Re: [GZG] FTverse colinies
From: "Robert Mayberry" <robert.mayberry@g...>
Date: Sun, 11 May 2008 22:15:54 -0400
Subject: Re: [GZG] FTverse colinies
This is an interesting question; I'd mention I read a short story
decades ago where a militaristic Earth was destroying a peaceful and
far more advanced Denebian civilization, and so they trained ONE
soldier. Of course, denebians could transfer knowledge and life
experience in minutes and reproduced full-grown adults daily, so
special situation. :)
> But the most critical piece of information for an insurgency is a
> question of PSB. You have to determine how (relatively) easy or
> difficult it is to smuggle off-planet weapons, ammunition, advisors,
> etc. onto the planet. You can't just load a mule train or a truck and
> take off through the back roads to smuggle onto a planet. This will
> make or break an insurgency. I tend to believe that orbital reentry
> would be pretty spectacular, and that the invading force SHOULD be
> patrolling the skies pretty extensively.

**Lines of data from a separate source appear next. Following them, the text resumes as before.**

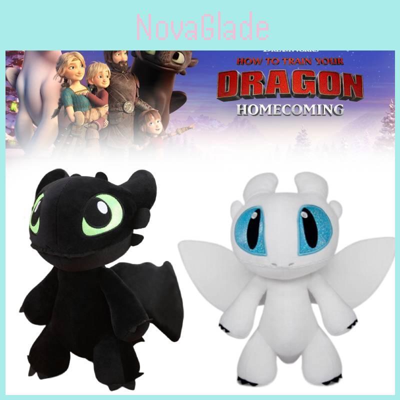 Dynamic Night Fury And Light Fury Plush Toys For Dragon Lovers Black And White Dragon Dolls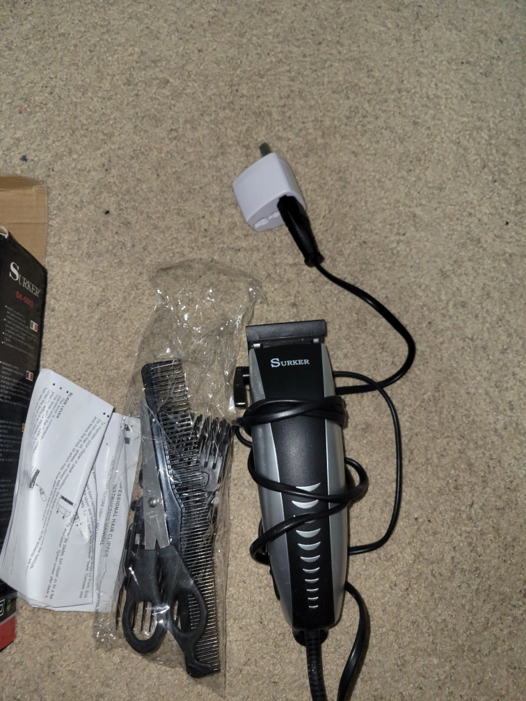 Selling a Surker rechargeable hair clipper, model SK-5602. It comes with the box and includes the comb, scissors, oil, and brush. Perfect for professional hair clipping at home!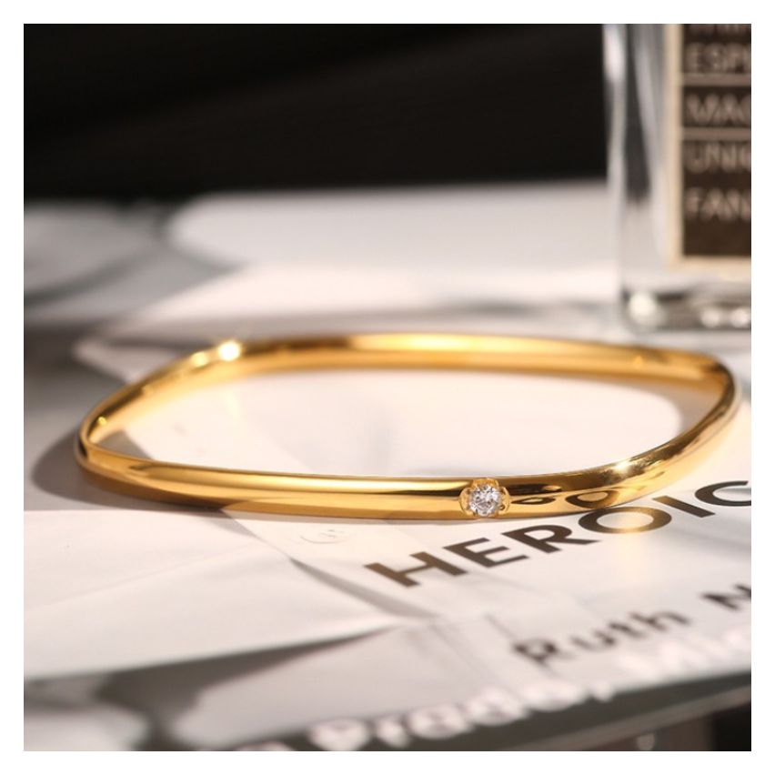 Gold Plating Titanium Steel and White Zircon Smooth Bangle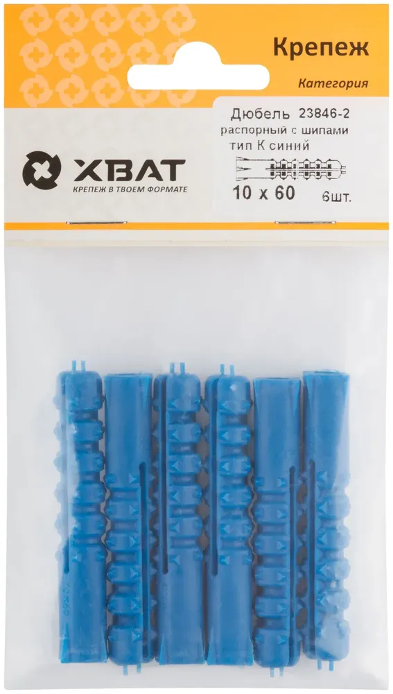Купить Дюбель распорный с шипами тип К синий 10 х 60 (фасовка 6 10.) по выгодным ценам в Москве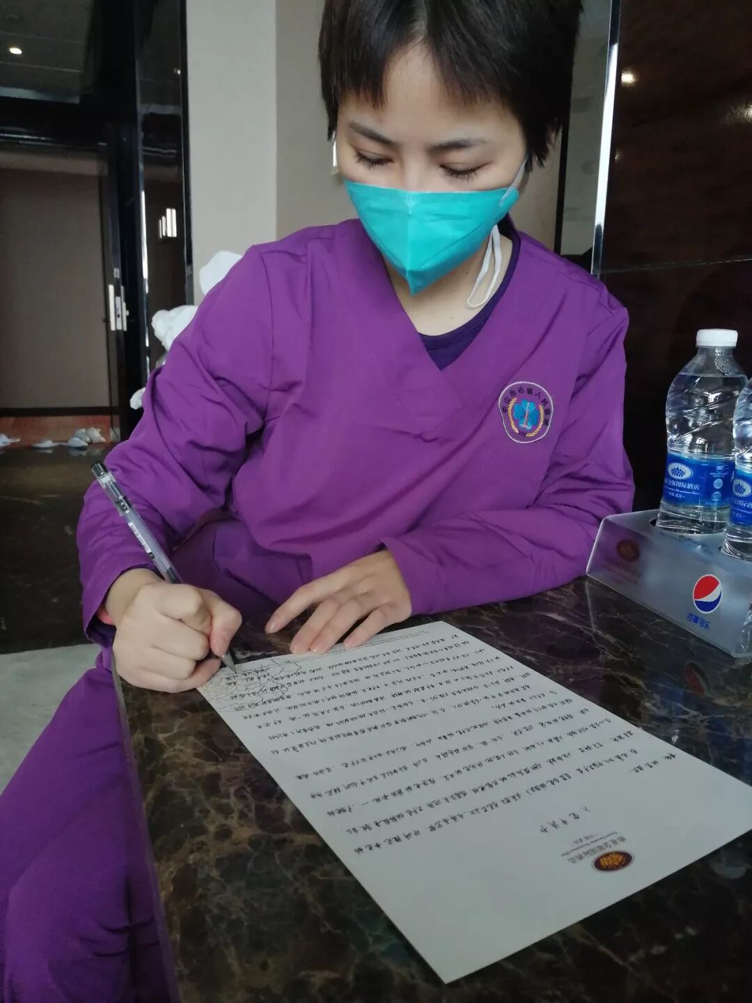 今日,古镇人民医院党委欣喜地收到一封来自我院参与驰援武汉疫情最前线战斗的呼吸内科护士李驿的入党申请书。在酒店信笺纸上,她写了特殊的《入党申请书》,在申请书上她这样写道:“我志愿加入中国共产党。我有幸成为一名到湖北前线参与支援的一员,在面对这场没有硝烟的战场上,我身边的共产党员,无怨无悔的主动担当、勇于奉献的精神,深深触动了我!在抗击疫情的第一线,共产党党员的不畏艰难,勇于向前的大无畏精神,让我更加坚定了加入中国共产党的决心和信念!前方就是战场,祖国和人民在召唤我们,我要把参加此次战斗作为锻炼意志和作风的重要机会,我要成为一名抗击新型冠状病毒的勇士,我渴望成为一名光荣的共产党员,请党组织对我进行多方面的考验,批准我的入党申请。”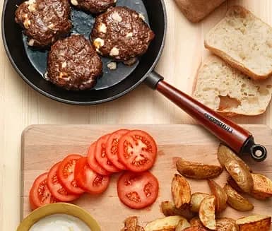 Jugoslaviska biffar med klyftpotatis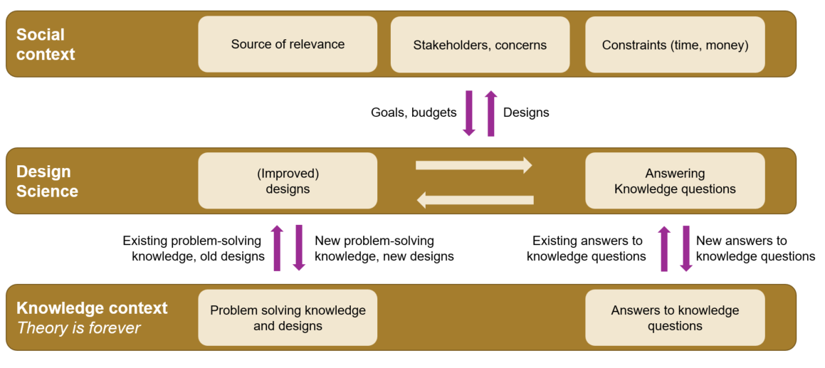 - Design science: This is where we want to create (improved) designs to meet the goals from the social context, within the constraints that are set, and leveraging insights from the knowledge context. Note that design questions have many underlying knowledge questions. For example, if we do want to improve a business process by addressing the underlying data flows, we would want to know what patterns have already been researched, before we start designing our own.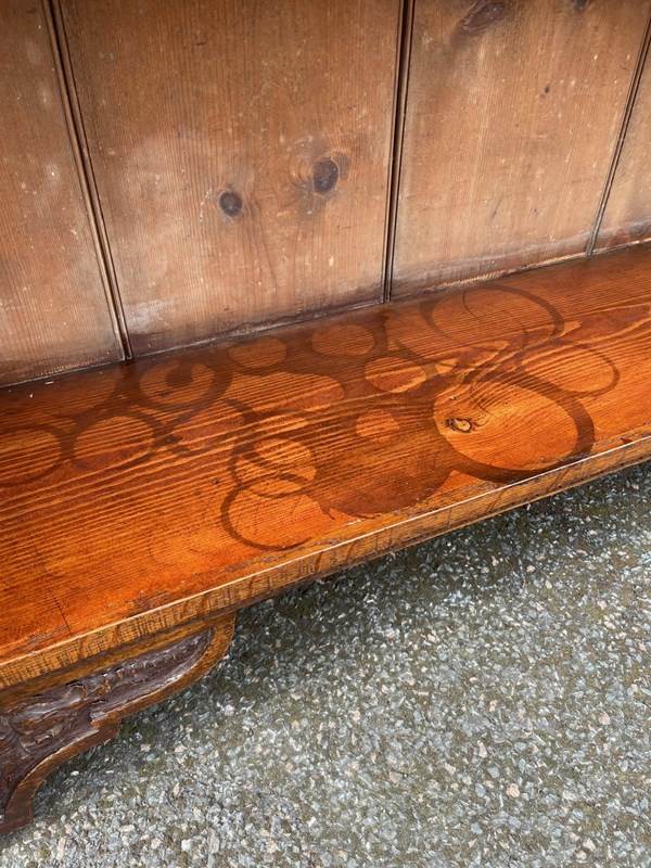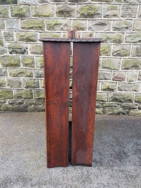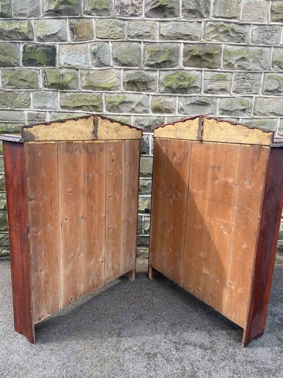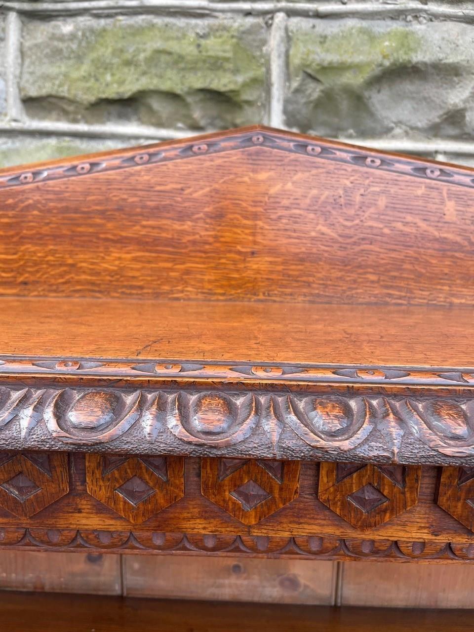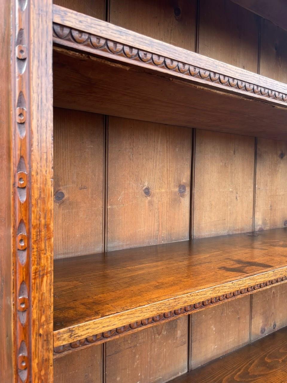 Very good size & scale, in oak have raised gallery backs, carved decoration to the edge around the top and across the frieze. Solid fixed height shelves with carved detail Polished sides and solid backs. Nice carved decoration to the feet. Great colour and shine.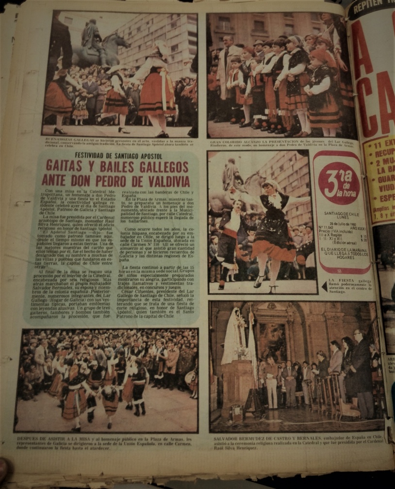 Ya hemos visto cómo los jóvenes que ingresaban al Lar Gallego desde fines de los años 60 recibían una educación musical y artística encaminada a un punto cúlmine celebratorio de la colectividad de raigambre religiosa y sociocultural. Pero además de ello, intencionadamente se fue gestando la idea entre algunos miembros y amigos de la colectividad gallega de que el gallego debía honrar sus tradiciones según sus antecesores lo hicieron, replicando organizaciones e ideales, e institucionalizándolos. Fue así como nació la cofradía en Santiago (que brevemente tuvo filiales en San Felipe y Valparaíso) para celebrar al santo patrono y el Lar Gallego para dar cabida formal y protagonismo a las relaciones sociales de los gallegos. Además se consagraron las Semanas de la Galleguidad o “fiestas compostelanas” previas a la celebración dominical del Apóstol en julio, que buscaban emular aquellas realizadas en Santiago de Compostela donde originalmente solían durar entre una semana y un mes, con romerías, procesiones y bailes típicos; en la capital chilena, en cambio, la colonia gallega fue paulatinamente dándoles cabida durante la semana previa a la fiesta mayor y hasta un mes completo con la realización de campeonatos de tute y fútbol, charlas culturales y fiestas infantiles. Este punto enfatizaba en 1979 el secretario general del Lar Gallego, Ventura Varela García, aludiendo a que dichas fiestas eran tradicionales de Galicia y que “nosotros las recordamos de acuerdo a esa tradición. Allá hay grandes fiestas cada año”[33]. Por otra parte, la celebración dominguera al apóstol no correspondía solamente a la misa y procesión en la Plaza de Armas, sino que también incluía el tradicional Xantar gallego o almuerzo típico en la sede del Círculo Español y posteriormente de la Unión Española, seguido de una visita al Hogar Español[34]. Todos estos eventos y actividades ayudaron a institucionalizar el rescate de la tradición que, si bien pervivía de manera desorganizada e informal entre muchos de sus miembros, adoptó formalidad en un proceso activo y consciente[35].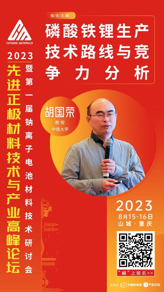 2023年8月,中國粉體網將在山城重慶舉辦“2023先進正極材料技術與產業高峰論壇暨第一屆鈉離子電池材料技術研討會”。我們有幸邀請到中南大學的胡國榮教授為我們帶來題為《磷酸鐵鋰生產技術路線與競爭力分析》的報告。
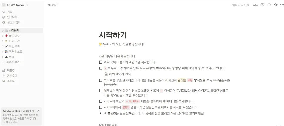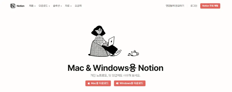 노션(notion)은 업무와 일상을 정리하고 흩어져 있는 자료를 한곳에 모을 수 있는 올인원 워크스페이스 입니다.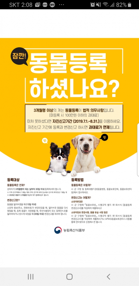 ¿À´Â 9¿ùºÎÅÍ´Â ¹Ý·Áµ¿¹°À» µî·ÏÇÏÁö ¾Ê´Â °æ¿ì ÃÖ´ë 60¸¸ ¿øÀÇ °úÅ·ᰡ ºÎ°úµÇ¸ç µ¿¹°µî·ÏÀº ³»ÀåÇü ¹«¼±½Äº°ÀåÄ¡ »ðÀÔ, ¿ÜÀåÇü ¹«¼±½Äº°ÀåÄ¡ ¶Ç´Â ÀνÄÇ¥¸¦ ºÎÂøÇØ¾ßÇϸç, ³ó¾÷±â¼ú¼¾ÅÍ ³ó¾÷Ãà»ê°ú¿¡ °¡Ãà¹æ¿ª´ã´ç(¢Ï940-8145)À¸·Î ¹æ¹®ÇÏ¸é µÈ´Ù.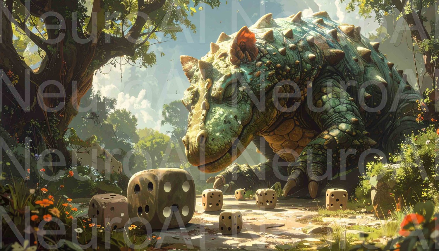 Giant dinosaur contemplates game of chance in lush forest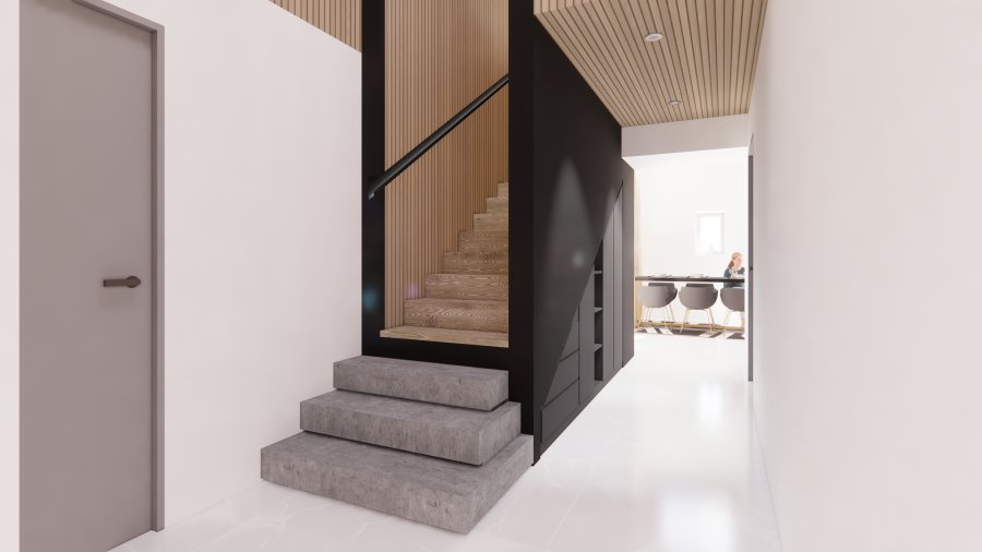 L'appartement n°2 s'ouvre sur un long hall d'entrée qui donne accès à une salle de bains ainsi qu'à un WC séparé. Le couloir vous guide ensuite vers un bel espace de vie combinant salon et salle à manger, baigné de lumière grâce à une vide sur séjour qui apporte volume et élégance.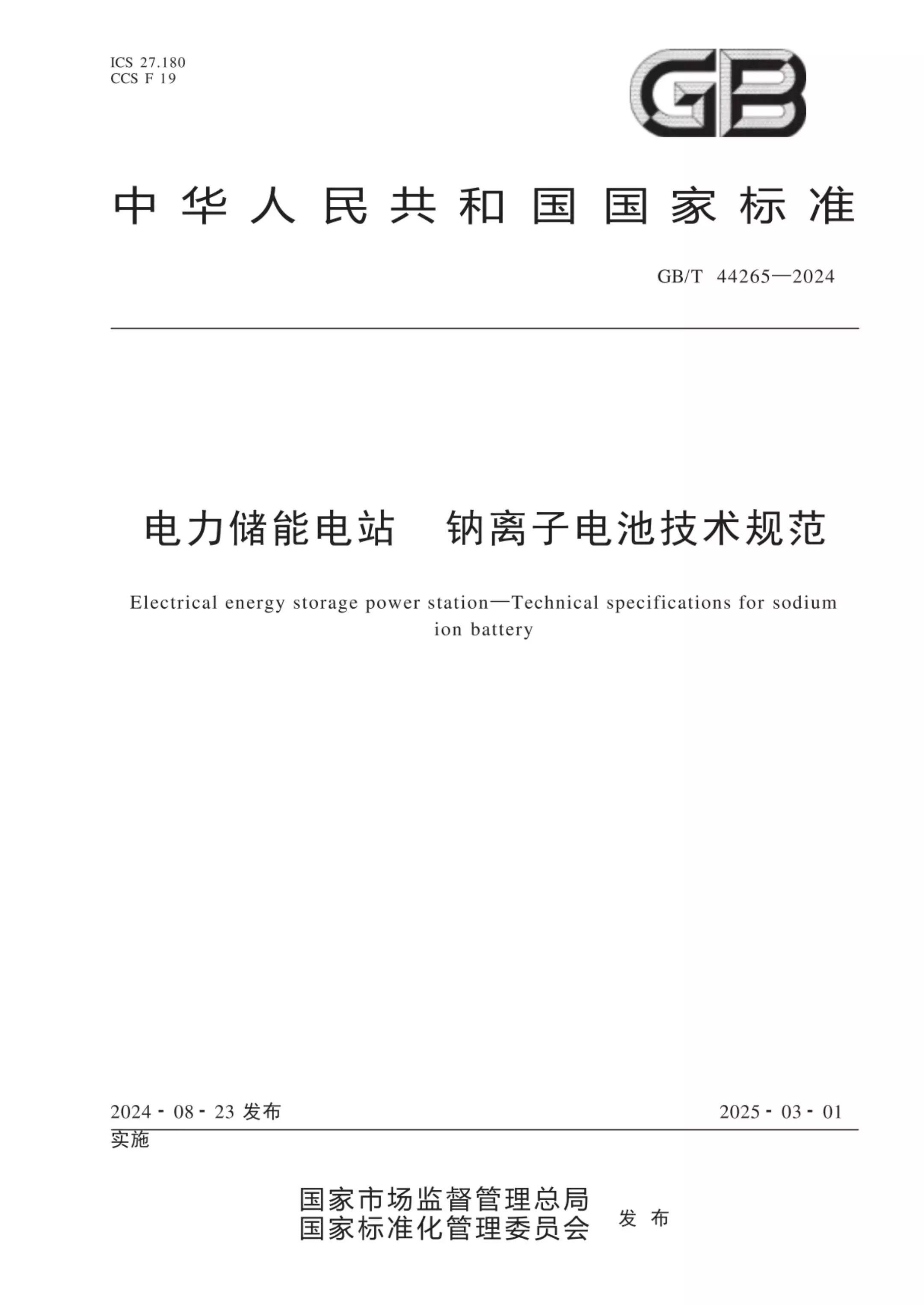 电力储能电站钠离子电池技术规范(GBT44265-2024)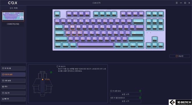 특히 이번 COX CMK87R 자석축 래피드 트리거의 래피드 트리거 셋팅은 소프트웨어로 조정이 가능하며 키보드의 모든 키를 0.1~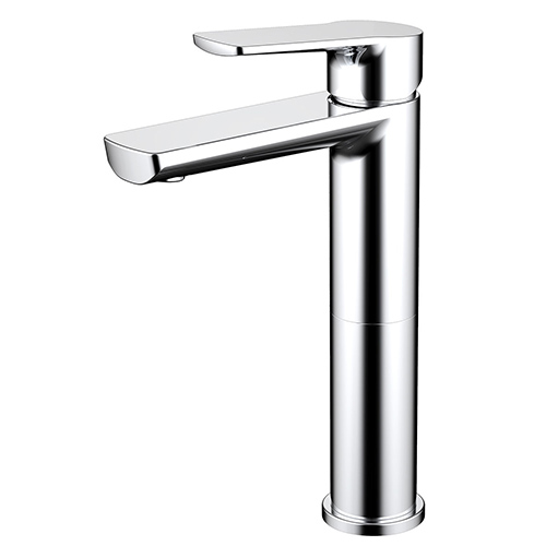 Monomando alto para lavabo, de la línea Lucent, acabado en cromo latón, cartucho cerámico europeo, aireador europeo anticalcáreo con restrictor de flujo de 8.3 LPM. Modelo TB 14.031, marca TecnoBath.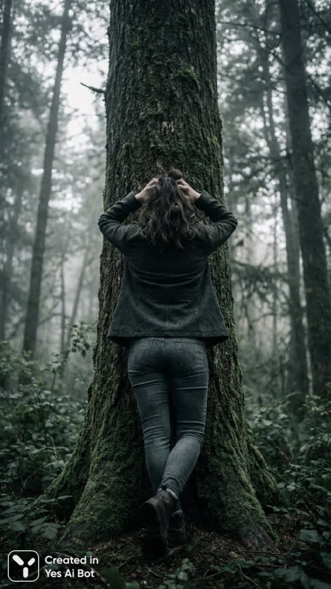 Эффектный силуэт у дерева: взгляд со спины - Картинка, сгенерированная нейросетью Nano-Banana

This is a VERY interesting question from a scenario point of view. One
possibility is an ultra low albedo cargo pod launched at high velocity
from the outskirts of a system, then left to free-fall (with some kind
of ablative re-entry shield) and release its cargo. I'd imagine that
the launching ship would accelerate to the appropriate vector, and
then use FTL drive to actually travel to the target system. You'd only
be detectable from your FTL drive usage (and maybe some final
maneuvers with your grav drive, though you could maybe use a railgun
to adjust for error in your position and avoid having any drive usage
at all), and the cargo pod itself (which would be stealthy and more or
less inert).
You could use the same technique to scout out a system. Accelerate to
some insane velocity in your home system, then use FTL drive to go to
the target system, emerge well outside detection range and free-fall
through it.
> Yeah, but how much of that high tech stuff can be maintained,
> repaired, or replaced? The occupying power is going to put the (very
> limited number) of manufacturing facilities on lock-down. If your
> background includes home nanotech forges that can produce anything the
> size of an automobile or smaller in every toolshed, and a fusion plant
> on every farmstead, that's one thing. But I've digressed from the
> initial point.
I personally think that much of the industrial wealth of a system can
be found in its asteroids and low-gravity moons, but that's a matter
of taste, I suppose. I'm still working on my cost model for
interstellar transport, so there might be either a range of answers or
a few major categories of answers coming in. Or a blank-eyed shrug of
the shoulders. Stay tuned. Thanks to the several people who brought up
comparative advantage-- I'd thought of that but was looking for a way
to get a sanity check. I didn't realize that the MUcr values had been
disavowed, though. :)
Either way, the main reasons to capture interstellar colonies won't be
economic IMO. As John points out, the populations are so small that
most of any given colony world's resources are totally untapped. So
taking a new world gives you (extremely unhappy) new people, and
raises your transportation costs, but I'm not sure that your
production would actually go up that much. War for
political/cultural/religious reasons, of course, is unchanged. Maybe
even increased; if most of the fighting is on low-population worlds
away from your infrastructure, then where's the existential threat to
drive a peace deal? It would explain how the three Solar Wars dragged
on as long as they did if the fighting was well-removed from the
population and production infrastructure.